Idéal : "le fait que l'idéal ascétique ait tant signifié pour l'homme, voilà qui exprime le trait fondamental de la
volonté humaine, son horror vacui : elle a besoin d'un but, -et plutôt que de ne rien vouloir, elle veut le rien."
(Généalogie… III, 1) "Le prêtre ascétique est le désir incarné du vivre autrement, du vivre ailleurs, il est le
suprême degré de ce désir, sa ferveur et sa passion véritable." (Généalogie… III, 13) "c'est ce que signifie l'idéal
ascétique : il voulait dire que quelque chose manquait, qu'une immense lacune enveloppait l'homme, -incapable
de se justifier, de s'expliquer, de s'affirmer, il souffrait du problème de son sens. Il souffrait aussi d'autres choses,
il était pour l'essentiel un animal maladif : mais son problème n'était pas la souffrance en elle-même, c'était
l'absence de réponse au cri dont il interrogeait : "pourquoi souffrir?" " (…) "le non-sens de la souffrance, et non la
souffrance, est la malédiction qui a pesé jusqu'à présent sur l'humanité, -et l'idéal ascétique lui donnait un sens! "
(…) "En lui la souffrance était interprétée; l'immense vide semblait comblé; la porte se fermait devant le nihilisme
et son suicide. Sans aucun doute, l'interprétation entraînait une nouvelle souffrance, une souffrance plus
profonde, plus intime, plus venimeuse, plus dévorante : elle plaçait toute souffrance dans la perspective de la
faute…Mais malgré tout –l'homme ainsi était sauvé, il avait un sens, il cessait d'être comme une feuille dans le
vent, jouet de l'absurde, de la privation de sens, il pouvait désormais vouloir quelque chose, -et ce qu'il voulait,
pourquoi et par quoi il le voulait importe peu : la volonté elle-même était sauvée" (…) "…tout cela signifie, osons
le comprendre, une volonté de néant, une aversion de la vie, une révolte contre les conditions fondamentales de
la vie, mais cela est et demeure une volonté!… Et pour répéter à la fin ce que j'ai dit au début : l'homme aime
mieux vouloir le néant que ne pas vouloir…" (Généalogie… III, 28, fin) "La réapparition constante de ces
doctrinaires de la finalité de l'existence n'en a pas moins eu pour effet de modifier la nature humaine –cette
nature a désormais un besoin de plus, précisément le besoin de la constante réapparition de pareils doctrinaires,
de pareilles doctrines de la finalité.
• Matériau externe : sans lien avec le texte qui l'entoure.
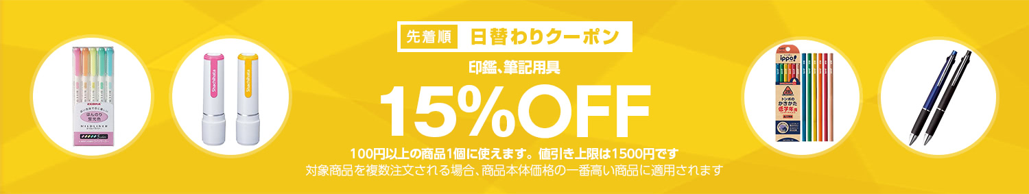 Yahoo!ショッピングで 【印鑑、筆記用具カテゴリで使える15%OFFクーポン】 が開催中です。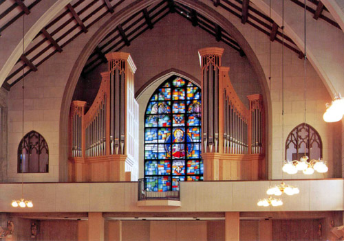 In einem II. Bauabschnitt wurden die 4 bis dahin bereits vorgesehenen und noch fehlenden Register eingebaut. Das Fenster mit der heiligen Caecilie ist -wie die Kirche- sehr bekannt in Nagoya und wird des Abends von innen angestrahlt. Es mußte frei bleiben, so wurde eine Lösung mit geteiltem Gehäuse gefunden, die dennoch eine mechanische Spieltraktur erlaubte. |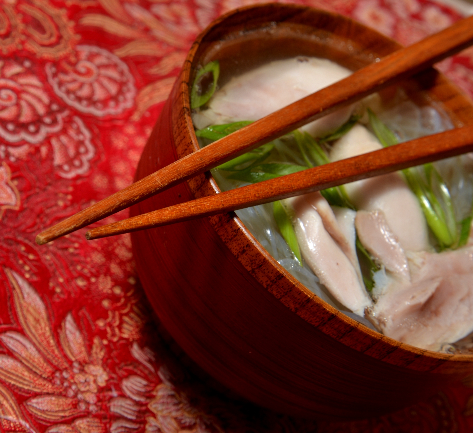 Я варила бульон в керамическом горшочке, есть специальный китайский горшочек для супа, но это отдельная история. 7-8 куриных ножек бланшируем, то есть заливаем водой, доводим до кипения, выливаем воду и промываем мясо. Кладем ножки в горшочек, наливаем четверть стакана китайского вина для готовки (Shaoxing cooking wine), столовую ложку соевого соуса, берем кусок свежего имбиря размером с ноготь большого пальца и мелко нарезаем. Добавляем 1 зубчик чеснока. Наливаем в горшочек воду, доводим до кипения, убираем пену, закрываем крышкой, убавляем огонь и варим 3-3.5 часа. Солим и перчим. Перед подачей в тарелку кладем готовую обычную лапшу или вермишель из риса, наливаем бульон, кладем мясо и зеленый лук.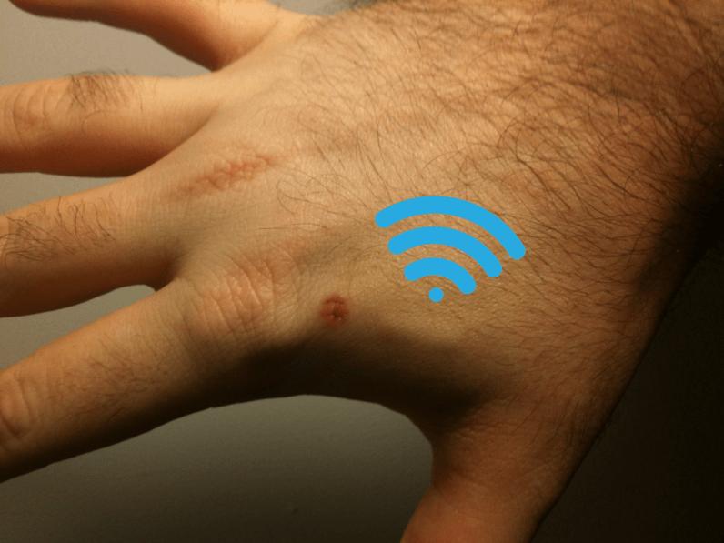志愿者表示,在植入时会有一种穿刺或滴灌的感觉。植入的部位在拇指和食指之间。

L'homme est devenu peu à peu un animal fantasque, lequel, plus que tout
autre animal, se trouve devoir satisfaire à une nécessité vitale : il faut que de temps en temps l'homme croie
savoir pourquoi il existe, son espèce ne saurait prospérer sans une confiance périodique dans la vie." (Gai
Savoir Folio, pp.51-52)
Lecture : "Evidemment, pour pouvoir pratiquer la lecture comme un art, une chose avant toute autre est
nécessaire, que l'on a parfaitement oubliée de nos jours –il se passera donc encore du temps avant que mes
écrits soient "lisibles"-, une chose qui nous demanderait presque d'être de la race bovine et certainement pas un
"homme moderne", je veux dire : savoir ruminer…" (Généalogie… Avant propos, 8) "Dans les moments où je
travaille beaucoup on ne voit pas de livres chez moi : je me garderais bien de laisser parler ou seulement penser
quelqu'un dans mon voisinage... " (Ecce Homo, "Pourquoi j'en sais si long?"§3) "Une autre mesure de
sagesse et de tactique défensive consiste à réagir le plus rarement possible, à se soustraire aux situations, aux
conditions qui vous condamneraient à suspendre en quelque sorte votre initiative et votre « liberté » pour devenir
un simple réactif. Je prends comme terme de comparaison nos rapports avec les livres. Le savant, qui ne fait
plus au fond que « déplacer » des livres - deux cents par jour pour un philologue de dispositions moyennes finit
par perdre radicalement la faculté de penser par lui-même. S'il ne remue plus de livres il cesse de penser. Il
répond simplement à une excitation, à une idée qu'il a lue, et finit par se contenter de réagir. Le savant dépense
toute sa force à approuver et à contredire, à critiquer du déjà pensé, lui-même ne pense plus du tout... Son
instinct de défense s'est usé, autrement il se garderait des livres. Le savant est un décadent. J'ai vu de mes yeux
des natures riches, douées et nées pour la liberté, ruinées dès la trentaine par la lecture et réduites pour jamais
au simple rôle d'allumettes qu'il faut frotter pour leur faire donner des étincelles, des « pensées ». Lire un livre de
bon matin, au lever du jour, en pleine fraîcheur d'esprit, en pleine aurore de la force, j'appelle cela du vice !"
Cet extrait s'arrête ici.